- Born: Mark Anthony Cagney 11 June 1956 (age 70) Cork, Ireland
- Occupations: Television presenter; Journalist; voiceover artist, radio presenter & broadcaster
- Known for: Ireland AM
- Spouses: ; Ann Cagney ​ ​(m. 1978; died 1991)​ ; Audrey Cagney ​(m. 1992)​
- Children: Gerard; Daniel; Sophie; Mary;

= Mark Cagney =

Irish radio and television presenter

Mark Anthony Cagney (born 11 June 1956) is an Irish television presenter and journalist, best known for presenting Ireland AM, the breakfast show on TV3 from 1999 to 2019.

==Early life==
Born in Cork, Ireland, Cagney was one of eight children in the family; he left home at age 15 because of difficulties with his father, who he described as a "remarkable man": an inventor, a musician, a welder, a mechanic, and a lecturer in electronics.

==Career==
Cagney learned how to take care of himself as a result of being on his own so early. He longed to have some musical ability, but settled for working with a variety of bands. He also learned about audio and audio studio processes; this got him a job as a shore-based radio operator. He devoted quite a bit of his paycheck to visiting night clubs; when a disk jockey did not show up for work, Cagney was asked to fill in, doing well enough at it to become a regular at the pirate radio station and now had two jobs. He called himself "Mark Anthony". Before long, he was at RTÉ Radio Cork.

He joined RTÉ in 1977, and was part of the original line-up of 2FM, broadcasting on its first night on air. During his time with 2FM, he presented a variety of shows, from the seminal Night Train to the Drivetime show. In 1985 he won a Jacobs' Award for his midnight radio show. In 1989 he joined the new 98FM, staying there for seven years. He joined Today FM in 1998 and then joined TV3 Ireland. He won the TV Personality of the Year Award in 2005 at the 3rd Irish Film and Television Awards. he hosted the breakfast show Ireland AM on TV3 since it started in 1999.

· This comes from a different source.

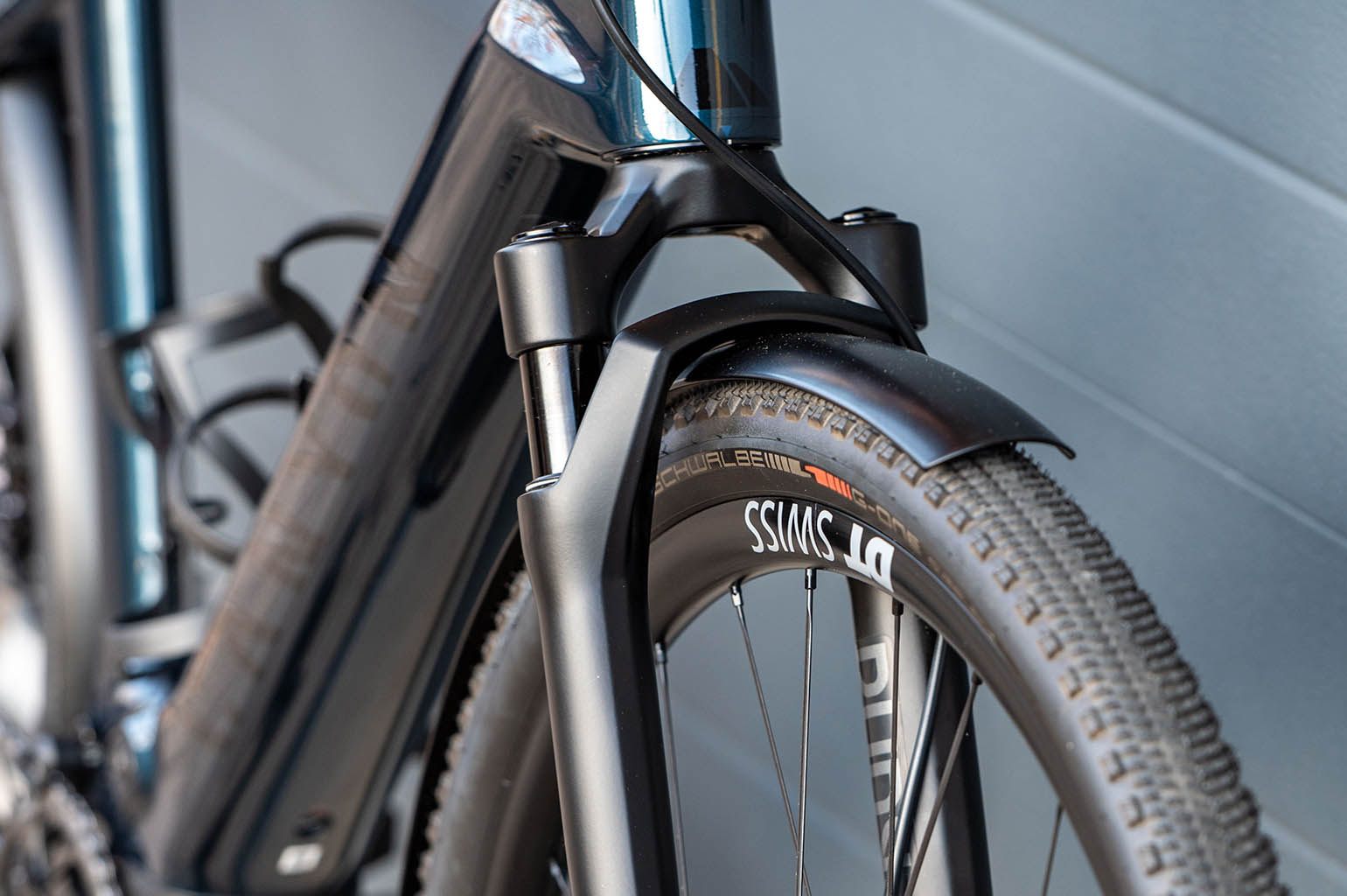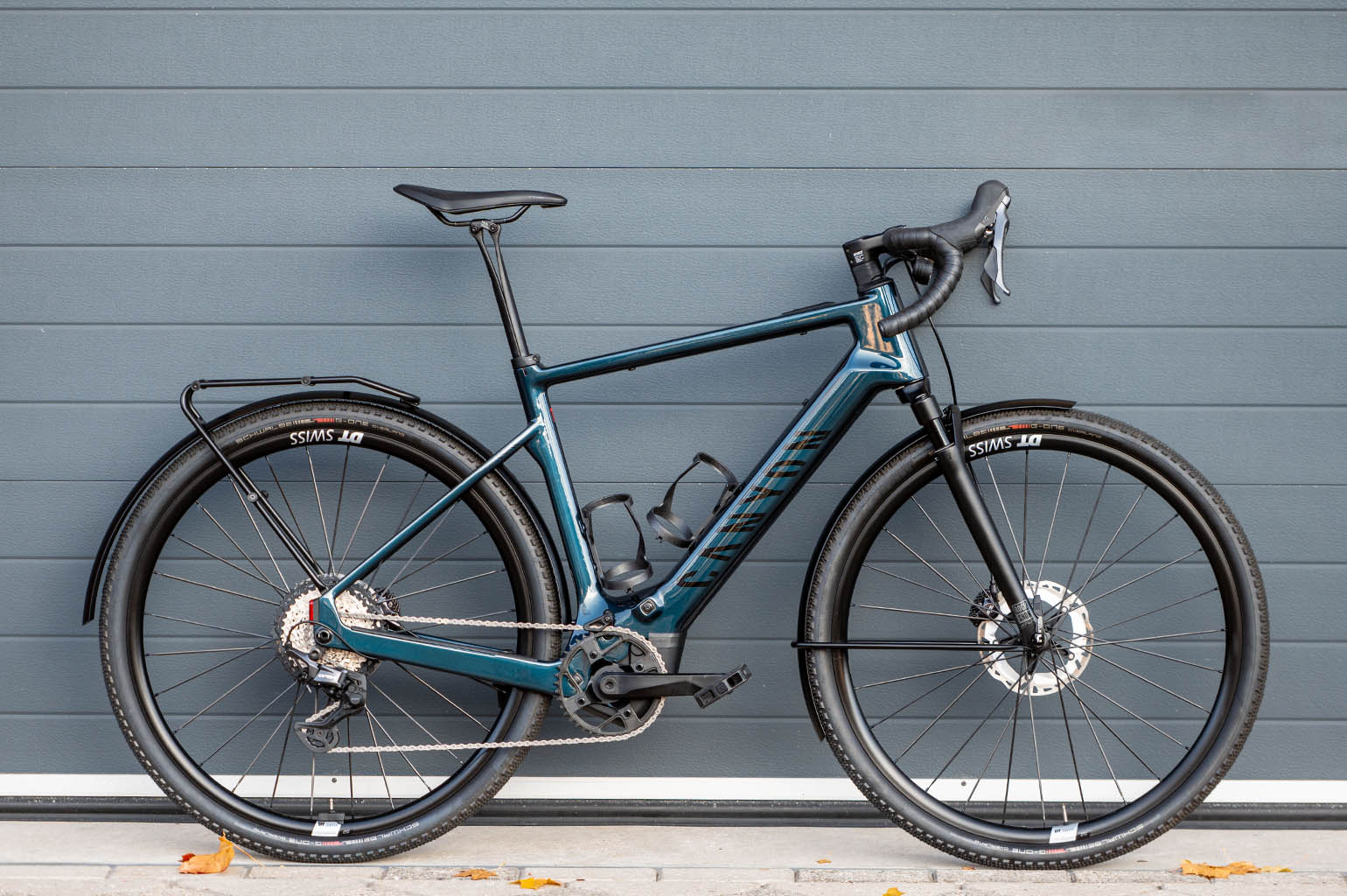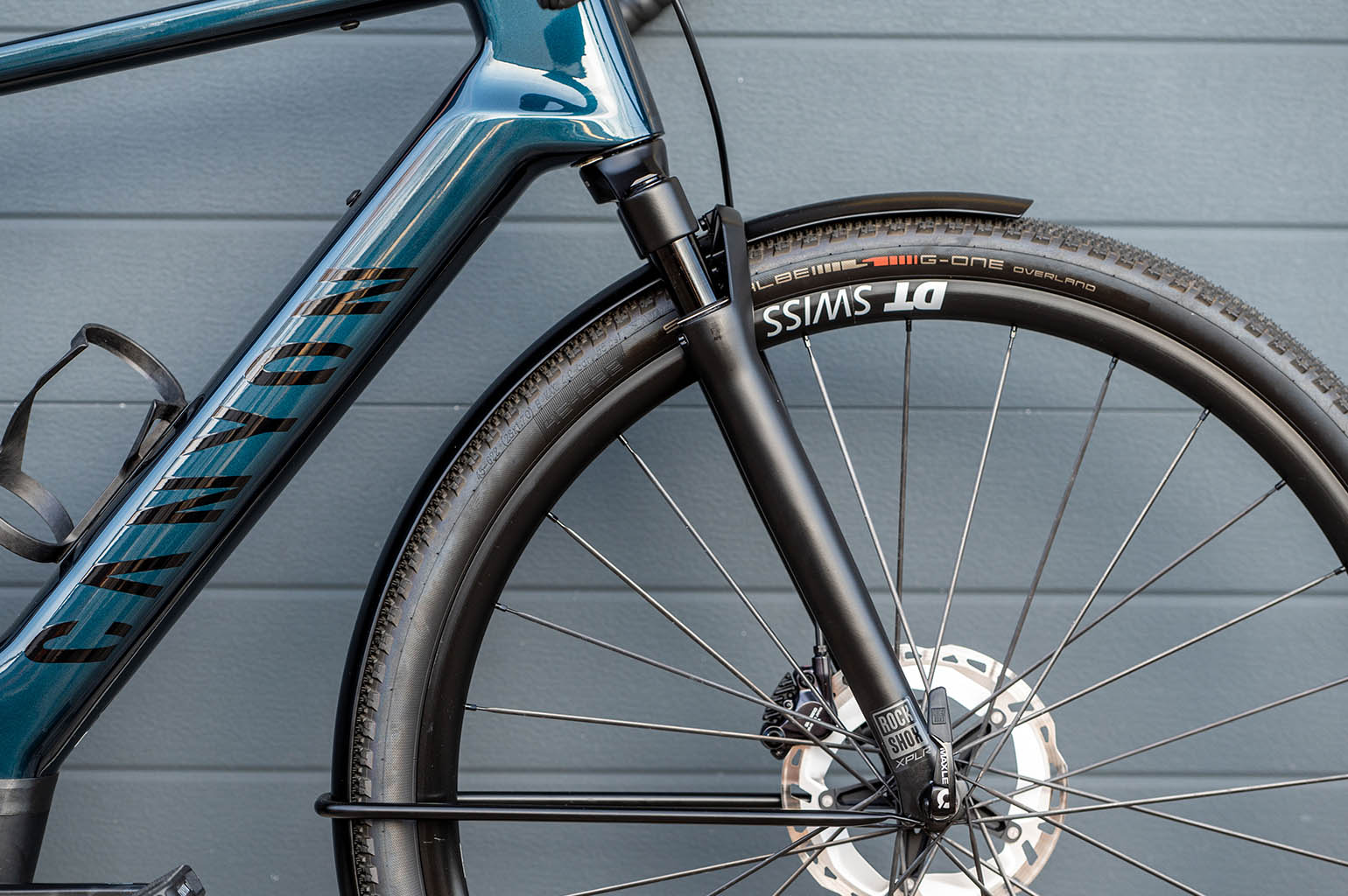 Ik zal uitleggen waarom ik precies deze Canyon heb uitgekozen. Het is een erg complete en robuuste E-gravelbike en dat was voor mij de voorwaarde. Dus met vaste spatborden, interne verlichting die werkt op de accu van de fiets. Stevige aluminium wielen en de banden moesten flink zijn, want ik wil goeie grip en liever niet lekrijden, helemaal niet in vervelend weer. De Canyon kwam met de 45 mm Schwalbe Overland, die op papier aan mijn wensen voldoet.

In July 2019, it was announced that Cagney would be leaving Ireland AM at the end of July after twenty years with the programme. On 31 July 2019 Cagney presented his last Ireland AM alongside Karen Koster and Alan Hughes. The show dedicated the last half hour to him and aired a highlights reel. All the production crew, including Ciara Doherty, who was on maternity leave at the time, came in to wish Cagney good luck in his future endeavours.

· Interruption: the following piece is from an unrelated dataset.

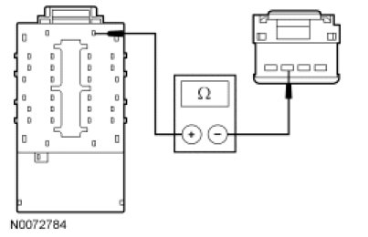 - Measure the resistance between the luggage compartment lid latch C429-4, circuit GD149 (BK/GY), harness side and ground.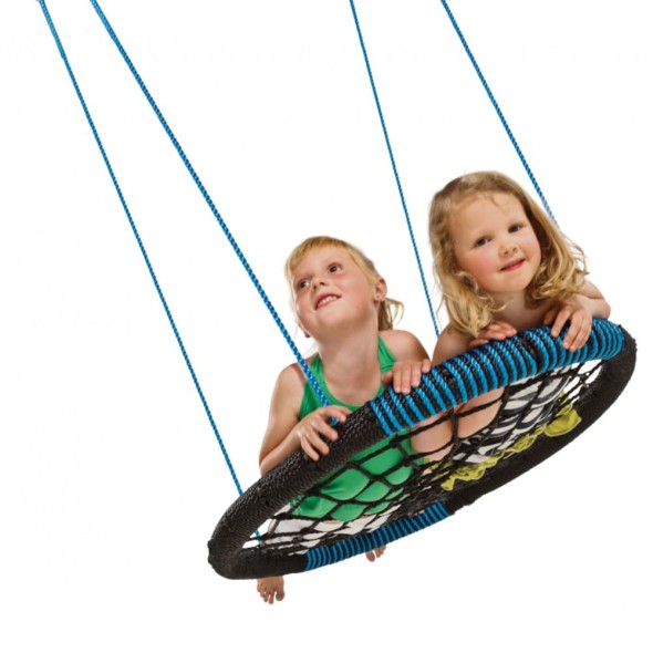La hamaca nido ovalada de KBT es una excelente adición para cualquier área de juegos al aire libre. Con un diseño único y materiales de alta calidad, proporciona una experiencia de balanceo cómoda y segura para niños a partir de 3 años. El asiento está fabricado con cuerdas de polipropileno (PP) tejidas, y el marco de acero está envuelto con cuerda de PP para crear zonas de impacto suaves. Además, cuenta con acolchado suave en ambos extremos longitudinales para mayor seguridad. Las cuerdas de suspensión son ajustables y están equipadas con anillos y ochos de acero galvanizado. Este producto cumple con las normativas europeas EN 71-1-2-3-8 y cuenta con la certificación TÜV Nord. También conocida como KBT Oval Nest Swing Black/Blue – Model 188.001.004.001.

Cagney filled in for Ivan Yates on The Hard Shoulder drive-time radio show during Yates’ time at Newstalk. From the early 2021 - early 2026. Cangeney has also sat in for various presenters on Newstalk Breakfast before and has presented various Bank Holiday Specials on Newstalk in the past .

==Personal life==
He lives in Bayside, Dublin in the north County Dublin with his second wife Audrey and their four children. His first wife, Ann, whom he met when he was 19, died of a brain haemorrhage; the couple had been married 11 years. When Ann died, Cagney was devastated; Audrey, who worked with him at 98 FM, provided emotional support, which turned into love.

===Health===
When Cagney discovered he was having difficulty hearing, he went for testing; the results showed he had hearing loss. He was fitted with a hearing aid, and in 2008, chose to make the information public.

Cagney was a heavy user of cocaine in the 1980s.

Cagney has been diagnosed with genetic haemochromatosis (iron overload), which, unknown to him in his early years with Ireland AM, caused him constant fatigue.